El Milagro de Marcelino Pan Y Vino

Did you catch that?
(Brian saw the title of this post and asked, "So are you trying to go all GOP and reach out to your Hispanic contingent?" No, but perhaps I should go by Maria once in a while.  Just because.)

No, no pandering here.  The folks at Mission Pictures asked if I would like to review their new film El Milagro de Marcelino Pan Y Vino and I very happily agreed.  The film was released this past year and tells the story of a little boy named Marcelino who is abandoned as a newborn outside the doors of a Mexican monastery during the time of the Mexican revolution.  From what I understand the whole story is a remake of the 1955 film of the same name and is based on an old Mexican legend.  Marcelino is brought up in the monastery and the film depicts his life there as a mischievous little boy amidst the brothers.  Life there is happy yet their desire for peace is interrupted by the violent revolution.  During an attack Marcelino witnesses his best friend killed and dying in the arms of his mother.  He flees to the forbidden attic of the monastery and there he discovers a statue of Jesus.  It is here where a miracle takes place.  Moved by Marcelino's innocent faith and offerings of bread and wine the Lord speaks through the statue and ultimately fulfills Marcelino's deepest longing.

I have to admit, I was a bit skeptical at first.  I don't often go for explicitly Catholic or Christian films because they often contain, shall we say, less skilled acting and writing.  I say that regretfully, of course.  But there is a reason this film received Best Director at both the Mirabile Dictu Catholic Film Festival and the Vatican Film Festival in 2011.  It also received five doves from The Dove Foundation.  

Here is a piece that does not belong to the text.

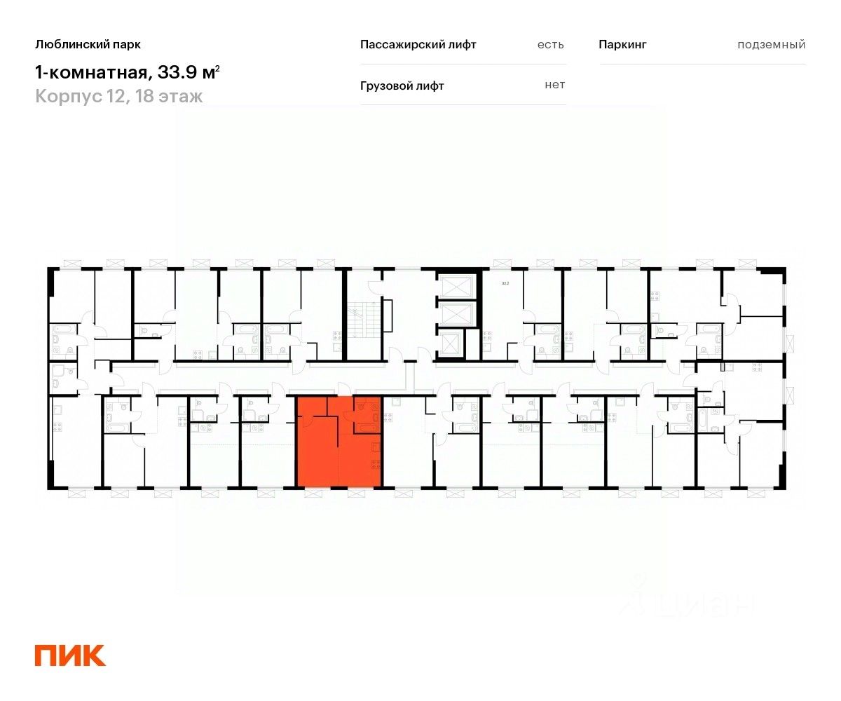 Продаётся 1-комн. квартира площадью 33,9 кв.м на 18 этаже 25 этажного дома (Корпус 12, Секция 1) проекта ПИК Люблинский парк. Светлый просторный подъезд на уровне земли, функциональная планировка, большие окна, c отделкой.

I found the film to be incredibly well done and professional, a work of art that is decidedly skilled yet unashamedly Catholic.  The movie is in Spanish and even with the subtitles I found it a compelling and an extremely well directed film.  The acting is believable, the story is charming, and I was drawn into the characters and plot much more than I was expecting.  At one point I was in tears, moved by the heartbreak of the mother of Marcelino's friend Enrique.   At others I was laughing out loud, especially during the scenes of the friars with the baby and then of their attempts to raise a mischievous little boy!  Even the portrayal of the speaking statue which I was sort of bracing myself to be rather cheesy was not and I found myself wanting to be in that attic with little Marcelino experiencing the miracle.  

Marcelino's character is adorable and his antics and personality and impishness with the monks is delightful.  He did tend to mumble, which irked me a little bit, but I suppose that may even make it more believable (how often have I told my own children not to mumble?) and considering I was relying on subtitles anyway, it didn't affect my overall experience of the film much.  At the end of the film I was hoping it would continue with the story but I think the director probably made the best choice to end it where he did.  I always do that when I enter into a good book or movie, though.  Who doesn't want the story to keep going?

I would definitely recommend El Milagro as a compelling and inspirational film, though I would definitely warn that it is not for young children.  The story itself contains ideas and plot lines that are too complex for a younger child.  There are several violent scenes as well as a non-graphic birth scene.  I would think that it would have to wait until at least 12 years of age to be appropriate.  For those who are interested, you can purchase the film at the film website www.elmilagrodemarcelino.com.  
Tell them Maria sent you :)

1 comment

  1. Looks good! I will have to check it out . . . I saw the black and white version YEARS ago and do not remember it very well.